Closed object closed 10 years ago

object commented 10 years ago

I tried to open in VS a solution created by @alexy using Xamarin and recent F# binding: https://github.com/alexy/EffinPickle

But it fails to load compaining about unsupported Guids 4925A630-B079-445D-BCD4-3A9C94FE9307:

{786C830F-07A1-408B-BD7F-6EE04809D6DB};{786C830F-07A1-408B-BD7F-6EE04809D6DB};{4925A630-B079-445D-BCD4-3A9C94FE9307}

I created an F# PCL using Visual Studio, and it does not have ProjectTypeGuids section at all.
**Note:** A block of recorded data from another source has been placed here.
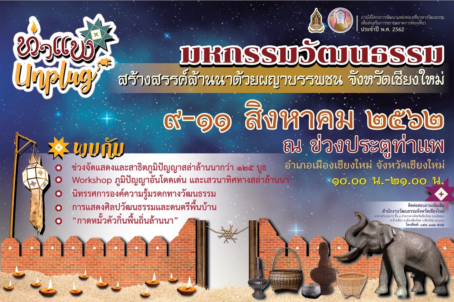 จังหวัดเชียงใหม่โดยสำนักงานวัฒนธรรมจังหวัดเชียงใหม่ สำนักศิลปากรที่ 7 เชียงใหม่และสภาวัฒนธรรมจังหวัดเชียงใหม่ร่วมกับแหล่งเรียนรู้ทางวัฒนธรรมในเครือข่าย กลุ่มสล่าล้านนาและเครือข่ายศิลปินพื้นบ้าน กำหนดจัดกิจกรรม Thapae Unplug ‘มหกรรมวัฒนธรรม สร้างสรรค์ล้านนาด้วยผญาบรรพชน’ ภายใต้โครงการพัฒนาแหล่งท่องเที่ยวทางวัฒนธรรม เพื่อส่งเสริมการขยายตลาดการท่องเที่ยวประจำปีงบประมาณ พ.ศ.2562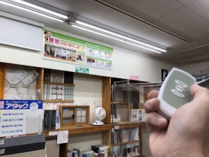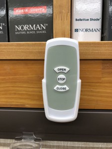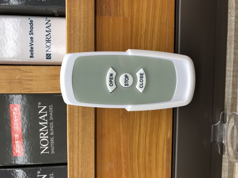 立川ブラインドの電動ロールスクリーン、弊店のサンプルのリモコンの受光部は右側ですが(左側に変更も可能との事)、写真のようにリモコンの先が受光部にあたってなくても操作可能です。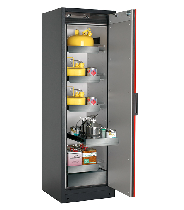 Korpusfarbe Anthrazitgrau (RAL 7016), mit Flügeltür in Verkehrsrot (RAL 3020), Inneneinrichtung mit 4 x Auszugswanne, 1 x Auszugswanne Entsorgung (Edelstahl 1.4301), 1 x Bodenauffangwanne (Edelstahl 1.4016)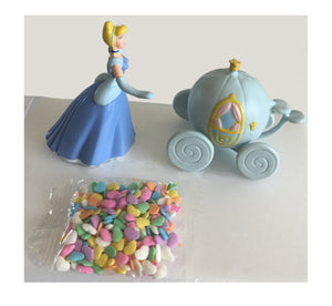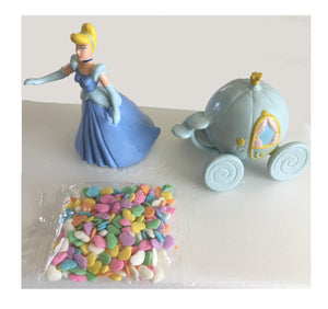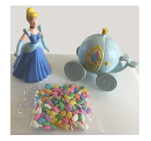 • Comprend : 1 figurine de Cendrillon de 3" de haut x 1 3/4" de diamètre à la base, 1 carrosse de 3" de long x 1 3/4" de large x 2 1/4" de haut, 1 sac de bonbons à saupoudrer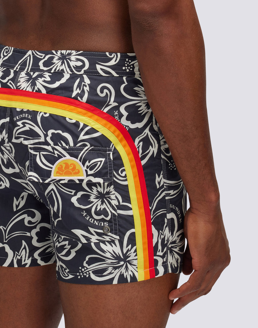 SHORT FIXED WAIST SWIMSHORTS ICONIC TAFFETA WITH VINTAGE PRINT HIBISCUS SK23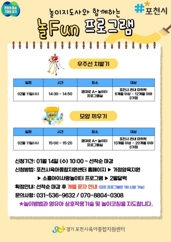 ▷모집대상 : 포천시 관내 13개월~20개월 영아 3가정

7sharp9 commented 10 years ago

What happens if you load a C# pcl created in XS in VS?

Sent from my iPhone

On 24 Feb 2014, at 22:04, Vagif Abilov notifications@github.com wrote:

I tried to open in VS a solution created by @alexy using Xamarin and recent F# binding: https://github.com/alexy/EffinPickle

But it fails to load compaining about unsupported Guids 4925A630-B079-445D-BCD4-3A9C94FE9307:

{786C830F-07A1-408B-BD7F-6EE04809D6DB};{786C830F-07A1-408B-BD7F-6EE04809D6DB};{4925A630-B079-445D-BCD4-3A9C94FE9307}

I created an F# PCL using Visual Studio, and it does not have ProjectTypeGuids section at all.

— Reply to this email directly or view it on GitHub.
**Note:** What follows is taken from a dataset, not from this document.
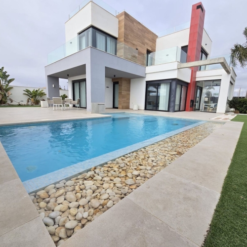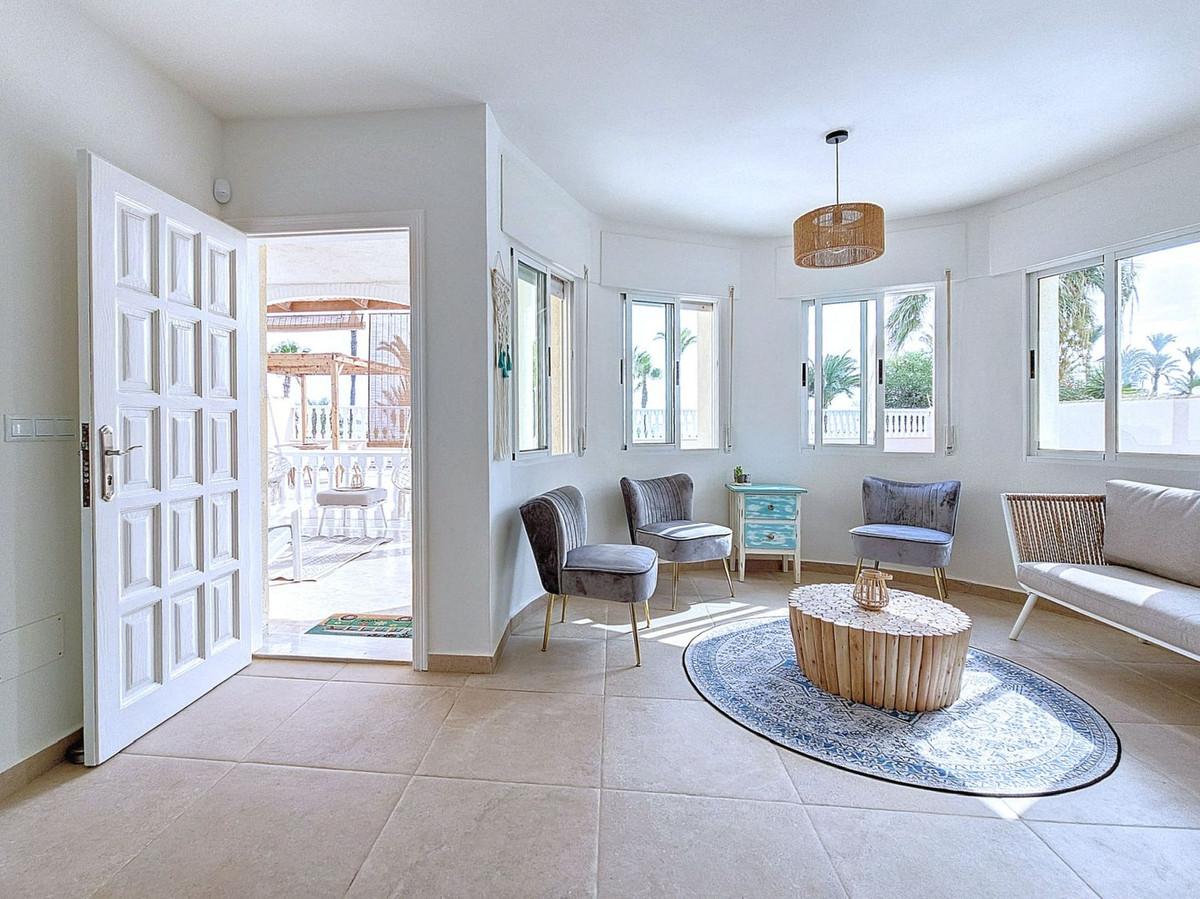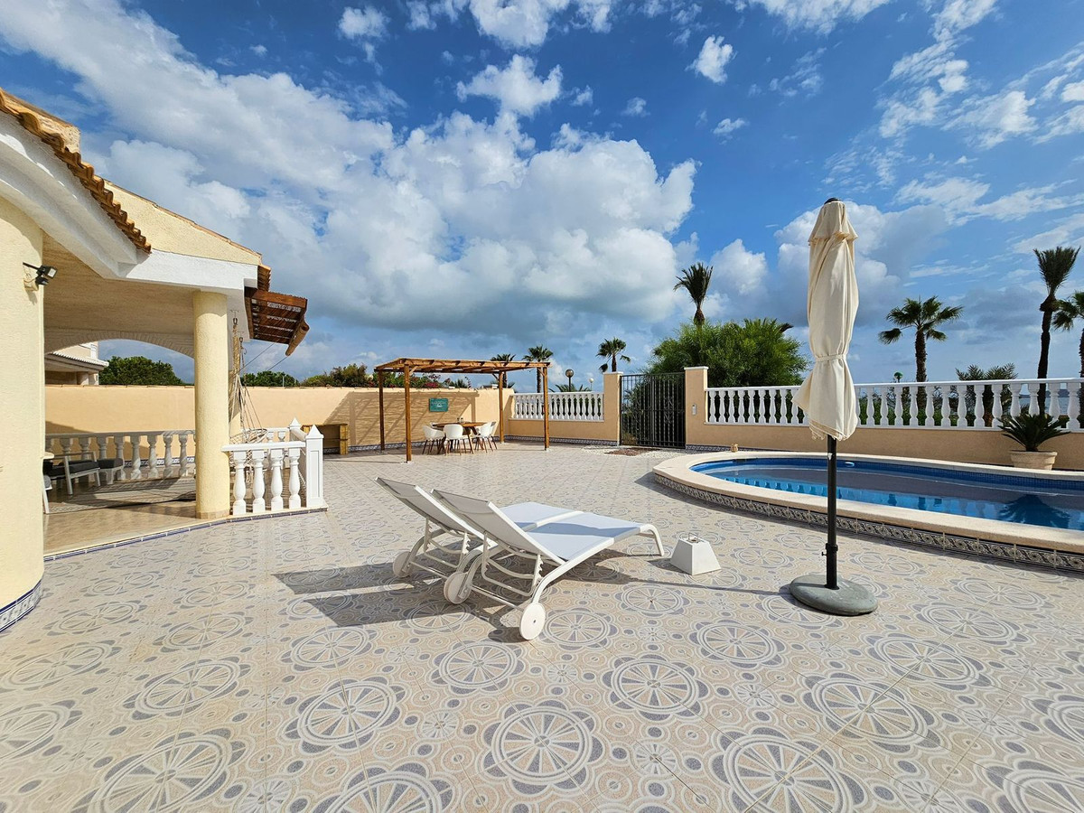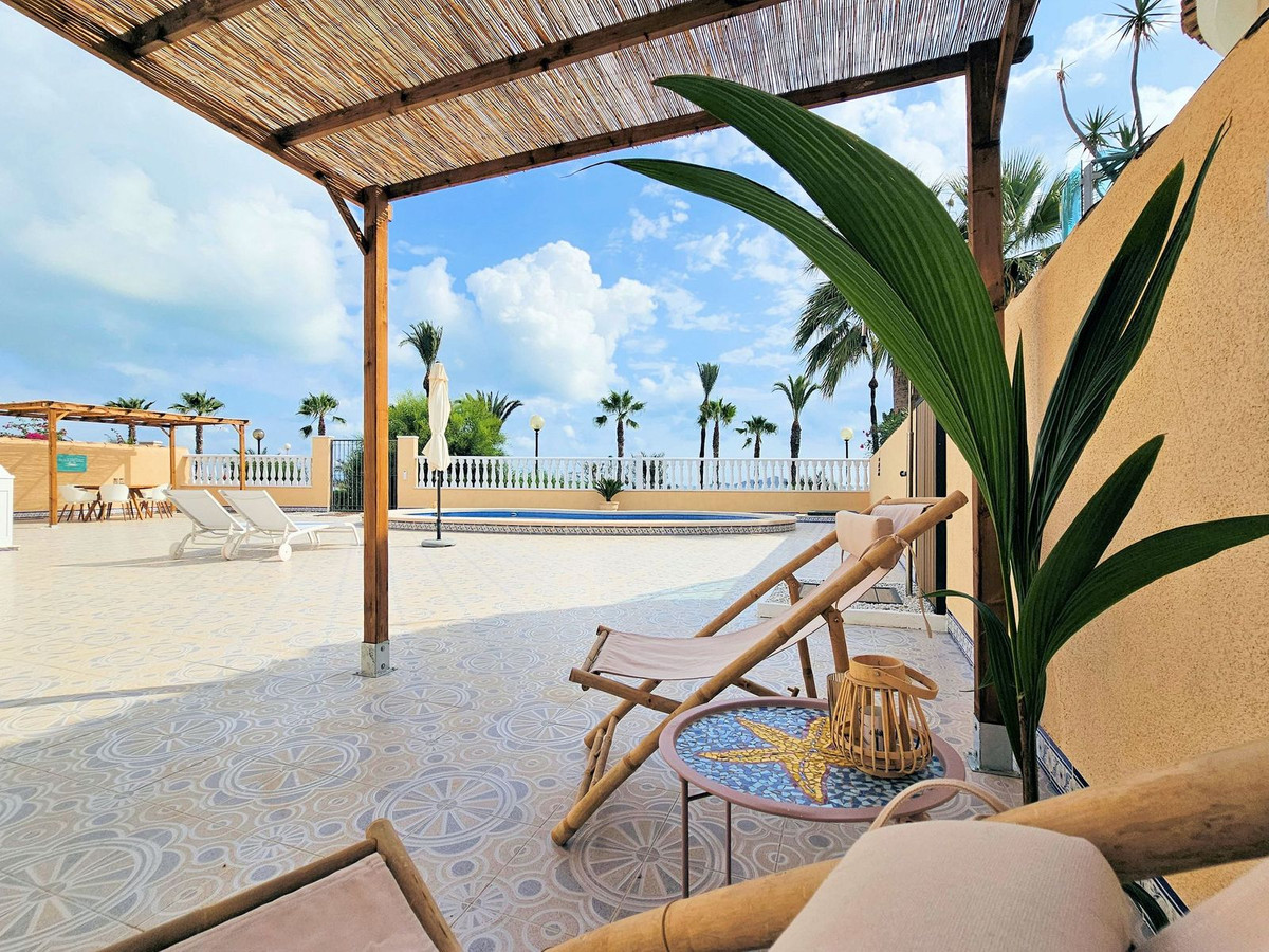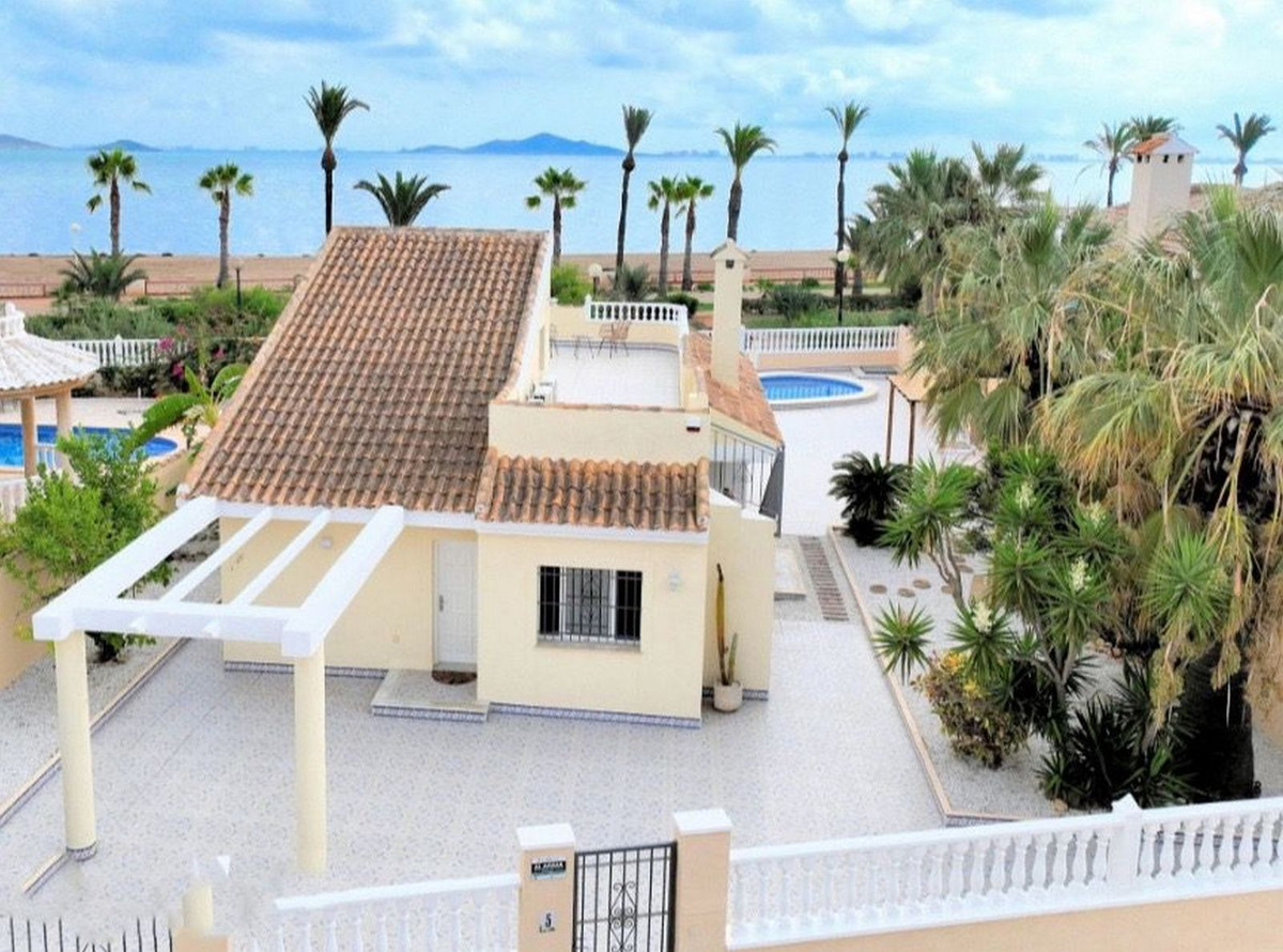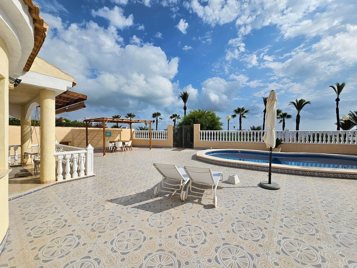 WOW !!!! Take a look at this amazing Frontline Villa directly on the beach in Los Urritias, Los Alcazares and within walking distance to several bars and restaurants. The villa offers four spacious bedrooms with wardrobes, three bathrooms, a living/dining area, and a fully fitted kitchen. It also includes a separate studio with a bathroom and kitchenette. Outside, you'll find large terraced areas, a private swimming pool, storage, and well-maintained gardens.

ghost commented 10 years ago

And which version of VS?

alexy commented 10 years ago

@object can you pls try the above?

object commented 10 years ago

Sorry guys for being slow to respond. Was away from my Mac for a few days. Will try later today.

object commented 10 years ago

More on this issue.

  1. I have a machine with Visual Studio 2013 installed. No VS 2012.
  2. A C# library project opens fine in VS 2013.
  3. A portable C# library project opens fine in VS 2013.
  4. An F# library project opens fine in VS 2013.
  5. A portable F# library project (that I fetched from Alex' GitHub repo at https://github.com/alexy/EffinPickle) fails to open due to unknown ProjectTypeGuid (see the issue description above).
7sharp9 commented 10 years ago

To resolve this I think we need more information on how VS2013 implements the portable project templates.

@dsyme Do you know if F# has an entirely separate guid for these project types in VS2013? That would explain the unsupported error that is occurring.

Once we determine that that is the case then potentially we could create a subtype of DotnetPortableProject and use the same guid type as VS.

enricosada commented 10 years ago

vs 2013 project guid:

@7sharp9 need the files? i can add a gist

7sharp9 commented 10 years ago

@enricosada What about the other portable guid available in F# VS2013 Is it profile 7?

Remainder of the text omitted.